I suppose one question one seldom hears asked is "What makes when a woman terminates a pregnancy the state's business at all?"

IF it is a murder it is indeed the state's business.

The proposition that abortion is murder follows from the proposition that "the fetus is a person."  Which is why I think countering both statements should be the "pro choice" side's first order of business, rather than arguing about choice.  It doesn't and cannot become a matter of choice unless it is not a murder.

"'The fetus is a person" is a definition, a stipulation, not a fact. I'm just sayin'.

And I wasn't disagreeing with that, Unseen.  I was addressing, specifically, your question about why it would be the state's business.  Under some possible definitions, it's the the state's business--and under those circumstances it would be legitimately so, under others, it wouldn't be legitimate and is not.

Yes, debating when life begins is a waste of time. What I consider more valid is when life is undeniable. The courts in most civilized nations now define that as ex utero viability. If the fetus is viable outside the womb, it's right to life is legally recognized. I'm fine with that.

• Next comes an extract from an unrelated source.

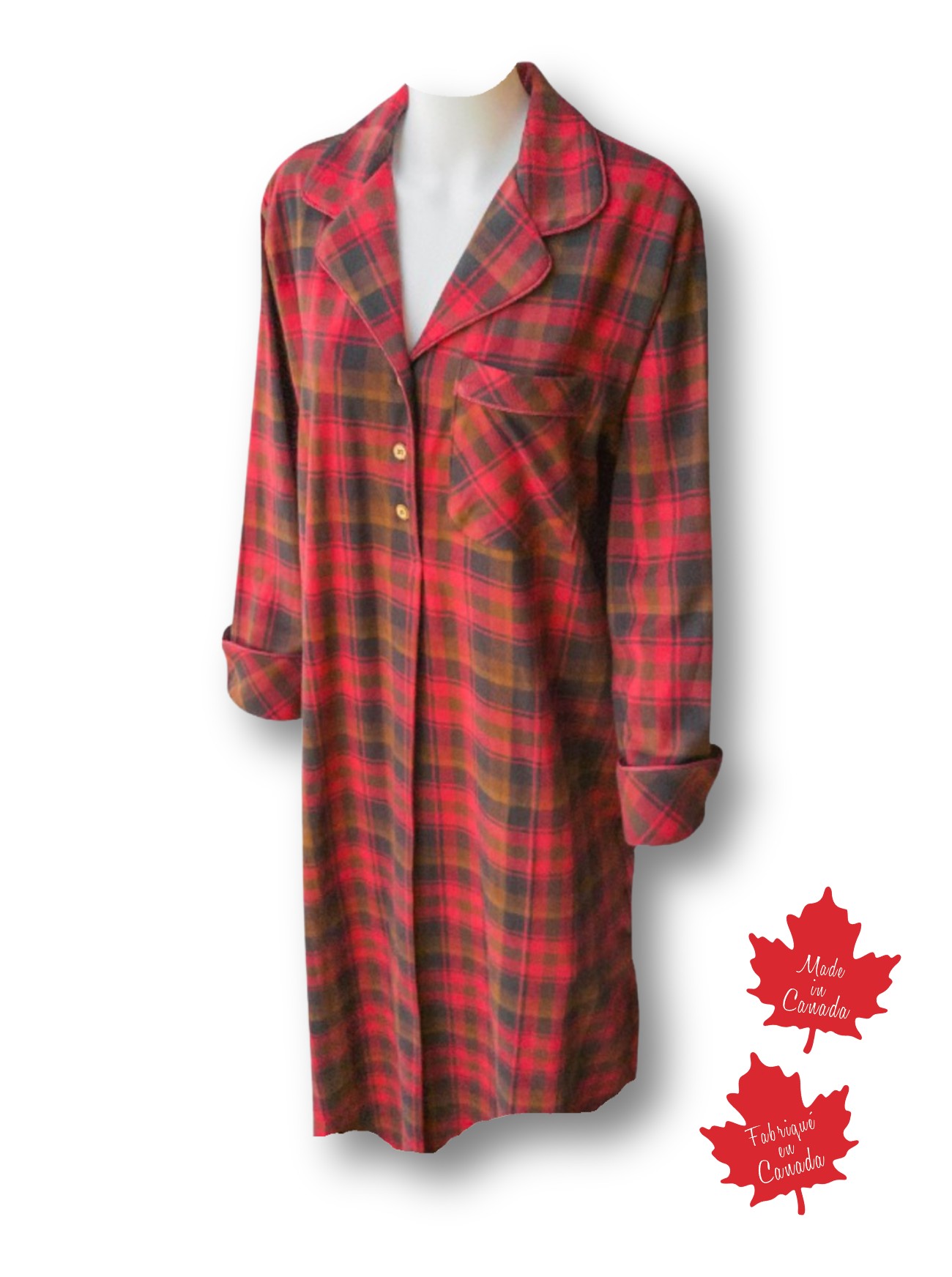 1001 / Woman's Knee Length Flannel Nightshirt in Maple Leaf Tartan Made In Canada

"The real question is, at what point do we think the little bugger has legal rights not to be killed?"

http://en.wikipedia.org/wiki/Unborn_Victims_of_Violence_Act

I should have phrased it, "at what point should we consider the little bugger to have..."

What a ridiculous law.  Combined with the fact that abortion is recognized as a right, anyone who kills a fetus can be prosecuted for murder... unless it's done with the permission of the mother?  There is a glaring inconsistency here, and that of course is probably why they passed the law in the first place; to create the inconsistency and hopefully at some point in the future resolve it the way they wanted it resolved.

Once again, I point out that it's a matter of definition, not fact. By that I mean that while facts may determine how the law is applied, first comes a definition. And those who succeed in making their definition (opinion) law typically know full well what the result will be. So, if you want the state to be able to butt into a woman's medical decisions, all you have to do is define the unborn child as, if not a citizen, as at least a person subject to the protections of the state. But whether a fetus is a person is, as I'm always pointing out, not a factual matter but a one based on which definition one wishes to promote. Both sides of the debate want you to think they have the facts on their side, but actually the same facts could result in diametrically opposite conclusions depending upon the definitions embedded in the law.